Ефим Алексеевич с радостным трепетом ехал на Береговую улицу. Там в маленьком домике, окруженным садом, жила его возлюбленная.

Уже совсем стемнело, когда он подъехал к заветному крыльцу. В одном окне светился огонь. Ефим Алексеевич заглянул в окно. Амалия сидела за столом и что-то вязала. Он постучал, как у них давно было условлено, три раза. Дверь отворилась, мелькнуло розовое платье.

– Ефим! О, ти не забыль свою Амальхен?

Ефим Алексеевич протянул к ней обе руки. Он точно переселялся в другой мир, полный светлых видений. Шайтанка, с курными избами, с унылыми фигурами мастеровых, злобно поглядывавших на владельца, – все это стало бесконечно далеким. Ефим Алексеевич наслаждался любовью и покоем. Он был счастлив сознанием, что, несмотря на свои сорок восемь лет, еще нравится женщинам. Правда, Амальхен ему стоит очень дорого, но что делать, в таком возрасте нельзя не платить за любовь.

– Я слышал, ты собираешься замуж выскочить?

– О, найн, найн! Я люблю только тебя. Ти один хороший.

– Смотри у меня! А то, давай, я тебя увезу в Шайтанку?

– Там Катиш.

– Катерину отправлю обратно к ее мамаше.

Она отрицательно покачала головой.

– Не хочешь – силой увезу.

Амалия посмотрела на него с испугом.

– Не хочу, не хочу. Ти злой.

– Ну, ладно, ладно. Шуток не понимаешь, дура. Ставь-ка лучше на стол вино и закуски…

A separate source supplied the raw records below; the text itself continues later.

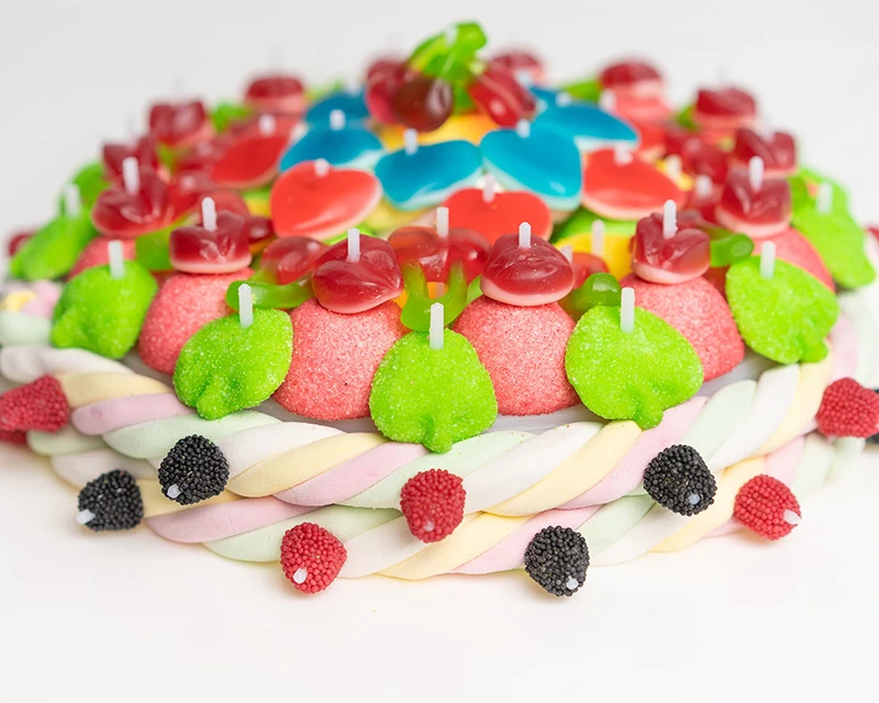 Un (maxi) gâteau de bonbons gourmand composé de délicieux bonbons 100% naturels à partager. Pour environ une douzaine de personnes. Les bonbons sont fixés sur un support en plastique sécurisé (pas de pic pointu pouvant se détacher), ce gâteau est parfaitement adapté pour les enfants. Ainsi que pour tous les gourmands qui apprécieront la possibilité de choisir ce qu’ils préfèrent : le bonbon qui pique, celui à la fraise ou encore le tendre chamallow…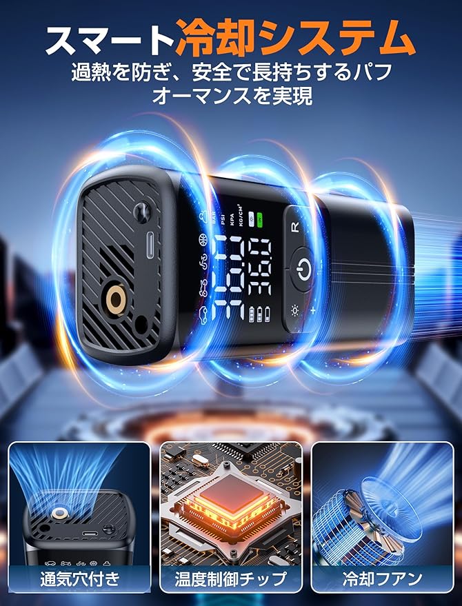 【高精度LCDデジタル表示と4つの単位切替】電動空気入れは高精度なLCDデジタル画面を搭載し、 1psiの精度でリアルタイムの圧力値と設定値を明確に表示します。PSI、BAR、KPA、KG/CM の4種類の単位をワンタッチで切替可能で、国内外問わずあらゆる環境で使用でき、タイヤの状態を正確に把握できます。視認性の高い画面には圧力モード・バッテリー残量・設定圧力・リアルタイム空気圧値が同時表示され、昼夜を問わず快適な操作を実現します。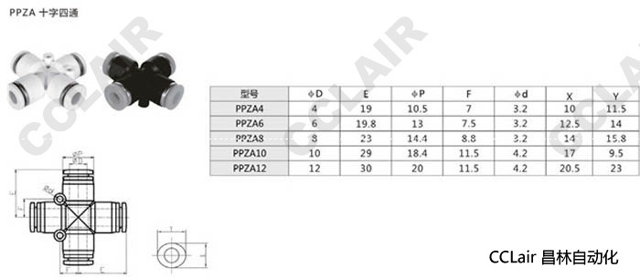 詳細(xì)信息 PPZA4,PPZA6,PPZA8,PPZA10,PPZA12,十字四通接頭

На другой день Ефим Алексеевич отправился в горную канцелярию. Здесь он познакомился с новым членом горной канцелярии коллежским асессором Башмаковым. Одетый в полувоенный мундир чиновник с холодным и властным лицом встретил его вопросов:

– Как у вас на заводе? Спокойно?

– Грех пожаловаться. Народ у меня не балованный, работают…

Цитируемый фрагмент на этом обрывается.